Wenn das Alte das moderne und zeitgenössische Design inspiriert

Im Jahr 2021 lud das Haute-Couture-Haus Dior auf dem Salone del Mobile (Möbelmesse) in Mailand 17
Designer und Künstler ein, "ihre" Version des berühmten Medaillonstuhls im Stil Louis XVI
zu präsentieren, der 1769 von dem Schreiner Louis Delanois entworfen wurde. Als zeitloses Symbol französischer Eleganz begrüßte der
Medaillonstuhl die Besucher des berühmten Haute-Couture-Hauses in seinen Boutiquen.
Diese Anekdote soll Ihnen zeigen, dass moderne und zeitgenössische Designer sich sehr oft
von klassischen Möbeln inspirieren ließen, um ihr kreatives Talent zum Ausdruck zu bringen. Wir werfen einen Blick auf klassische oder
moderne Designs, die mit Mut und Geschmack überarbeitet wurden!

https://www.youtube.com/watch?v=aR_kEJ8sAaU

1972 ehrte der amerikanisch-kanadische Architekt und Designer Frank Gehry (1929) den Niederländer Gerrit Rietveld (1888-1964) und dessen radikale Kreation, den Zig Zag Stuhl. Der 1934 entworfene Zag Zag schmiegt sich auf unglaubliche Weise an die Formen des Buchstabens Z an. Mit dieser Sitzgelegenheit setzte Rietveld die Ideen der batavischen Bewegung De Stijl um, der er einige Jahre angehörte: "reine", minimale Formen in dynamischem Gleichgewicht.
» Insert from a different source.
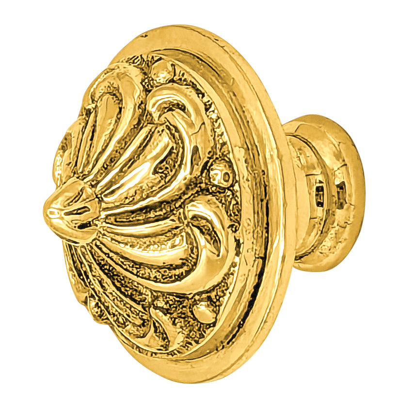 This knob measures 1 1/3 inches in diameter with a projection of 1 1/4 inch (approximate). Available in Polished Brass, Antique Brass, Black Bronze, and Polished Chrome finishes.

Zig Zag Chair, Design Gerrit Rietveld, 1934. Es dauerte bis 1973, bis der Verleger Cassina die Sitzfläche in Serie herstellte.

Gehry entwarf so 1972 den Wiggle Side Chair. Wie bei seinem Vorgänger ist das geschaffene Objekt nicht unauffällig und seine Zusammensetzung wirft Fragen auf: Kartonplatten sind im rechten Winkel zueinander angeordnet und miteinander verklebt. Erstaunlich: Die Sitzfläche bleibt fest und die Pappe formbar genug, um S-förmige Kurven zu ermöglichen.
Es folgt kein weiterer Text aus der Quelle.